The Federal Reserve has indicated that they will continue to hike up interest rates in spite of criticism from president Donald Trump and others who see the hike as damaging to the economy. The Feds officials are dedicated to the belief that rising rates will contribute to a more stable economy.
If you have student loans, credit card debt, or a home equity line of credit, you may be seeing the cost of those loans jump up yet again. A summary of the September 25-26 Federal Open Market Committee session reflected both confidence in the rate of economic growth and some hesitancy over the impact that tariffs might have on the future path, according to a report by CNBC.
Unfortunately, ultimately, the committee unanimously voted to approve a quarter-point hike to its benchmark rate target, with members indicating that more increases are on the way.

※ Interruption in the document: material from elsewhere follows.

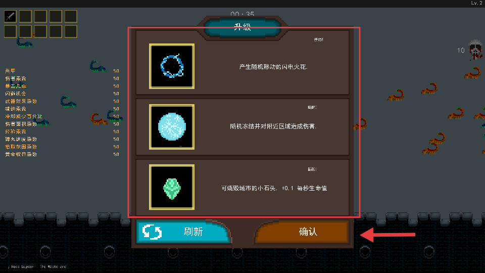 3、每关敌人变强选升级:每一关敌人都变得更强大,选物品和升级时得小心,正确决定是生存关键。
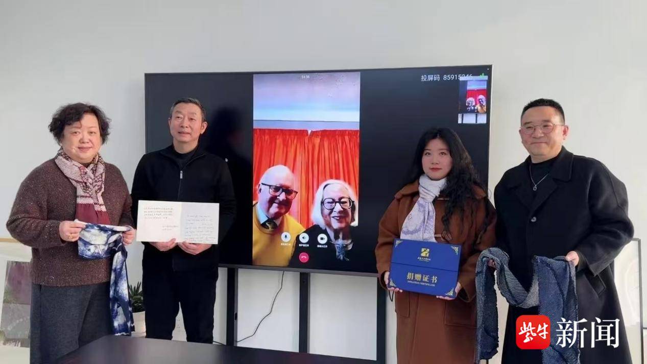 于是,这条漂泊了近40年的围巾,带着两代人的手温,从英国回到了南通故土。在3月6日的捐赠现场,大屏幕上,远在英国的倪百瑞夫妇通过视频连线,亲眼见证了围巾“落户”南通华艺非遗扎染博物馆。“这是一段美好的缘分,不仅存在于两地的人们之中,也维系这份联结与友谊,是如此重要。”倪百瑞通过视频发出感慨。

The increase took the target range to 2 percent to 2.25 percent. Although this news isn’t exactly new, it has now begun to have a negative effect on the wallets of some Americans and on the federal government. As the government continues to commit suicide with their rising national debt, soon, just the interest on the debt will surpass the United States’ bloated military budget.
“With regard to the outlook for monetary policy beyond this meeting, participants generally anticipated that further gradual increases in the target range for the federal funds rate would most likely be consistent with a sustained economic expansion, strong labor market conditions, and inflation near 2 percent over the medium term,” the minutes read.
Even though Trump has criticized the rising rates, the Fed turned the tables on him, saying his policies aren’t much better. “Despite this optimism [over a strong economy], a number of contacts cited factors that were causing them to forego production or investment opportunities in some cases, including labor shortages and uncertainty regarding trade policy,” the minutes said. “In particular, tariffs on aluminum and steel were cited as reducing new investment in the energy sector. Contacts also suggested that firms were attempting to diversify the set of countries with which they trade — both imports and exports — as a result of uncertainty over tariff policy,” the summary added.
The move to hike rates again is in keeping with recent remarks from several Fed officials, who appear to be veering away from targeting a longer-run “neutral” rate that is neither restrictive nor accommodative and instead, letting economic data and financial conditions be the guide. The minutes note that all future policy moves would “depend on the evaluation of incoming information and its implications for the economic outlook. “In this context, estimates of the level of the neutral federal funds rate would be only one among many factors that the Committee would consider in making its policy decisions.”